A Friend Only Ever Wants to Talk About Herself: Should I Distance Myself?

I have been close companions for more than 20 years, who has overcome several hardships, her resilience is commendable. However, she has been constantly caught off guard by others. Her partner ended their marriage, which came as an unexpected event. Several of her friends disappeared then, since they had been drawn to him. This surprised her deeply. She put in increased attention toward our bond, likely realised more acutely what friendship was.

Ongoing Issues With Friends Drifting Away

In the time since, several of her friends vanished and she isn't sure why. Her last employer became hostile, even though she had been an excellent employee, her exit happened without knowing the reason for the change.

Present Situation

In recent times, both of us retired so we're spending time together, but I am finding the part I play between us feels one-sided. I introduce subjects and she changes conversation onto what interests her. Politically, she has strong opinions. I try to recommend factchecking and different perspectives.

She is arranging a holiday to a nation I have traveled to many times and resided in previously. I attempted to share advice, however, my input not welcomed. She essentially only wanted my agreement with her decisions. I have come back from four weeks in that country she hopes to catch up, but I don't.

Weighing the Options

I don't want to act as a friend who abandons suddenly without a word, however, I feel she'll truly grasp the effect of how she acts on how I feel about myself. At this point, my state is distancing myself. How should I proceed?

Possible Paths

It's possible to walk away, yet this is rarely a smooth outcome we imagine. However, addressing it aiming for a solution requires bravery and readiness on both your parts.

Professional advice indicates applying a useful conflict resolution tool:

"The first step requires explaining what typically happens during your discussions. It should be based on facts like an unbiased account. Next involves sharing the way it affects you emotionally. There should be no argument on this point. What you feel are valid, of course. The third step involves requesting how the two of you going to change the pattern between you."

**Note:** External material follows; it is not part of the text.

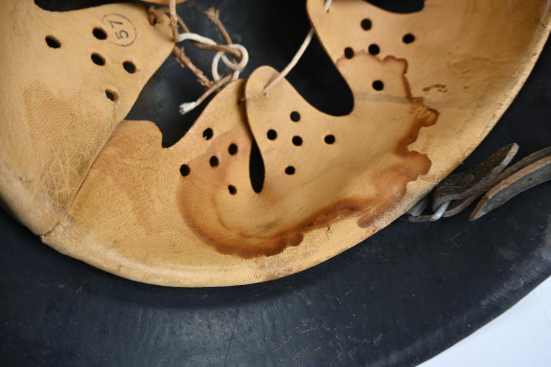 The helmet is complete with the original attached chinstrap.

Keep in mind she too holds perspectives, meaning you must to be prepared to acknowledge it. An approach that works is telling her:

"Please share your thoughts and I promise to not say anything for 30 minutes."
It's wildly successful for promoting mutual respect.

Closing Considerations

She might reject your concerns, for those who cling to a “survival narrative”: they rely on a narrative about themselves they cannot release since their identity is tied to it and it's all familiar to them. This is difficult when there seems no clear path in such cases, only cul-de-sacs. However, she might start out like this then consider your perspective. And even if you never reach a resolution, you'll have closure that you've been truthful.

Christopher Vega
Christopher Vega

A seasoned gambling analyst with over a decade of experience in reviewing online casinos and providing strategic insights for players.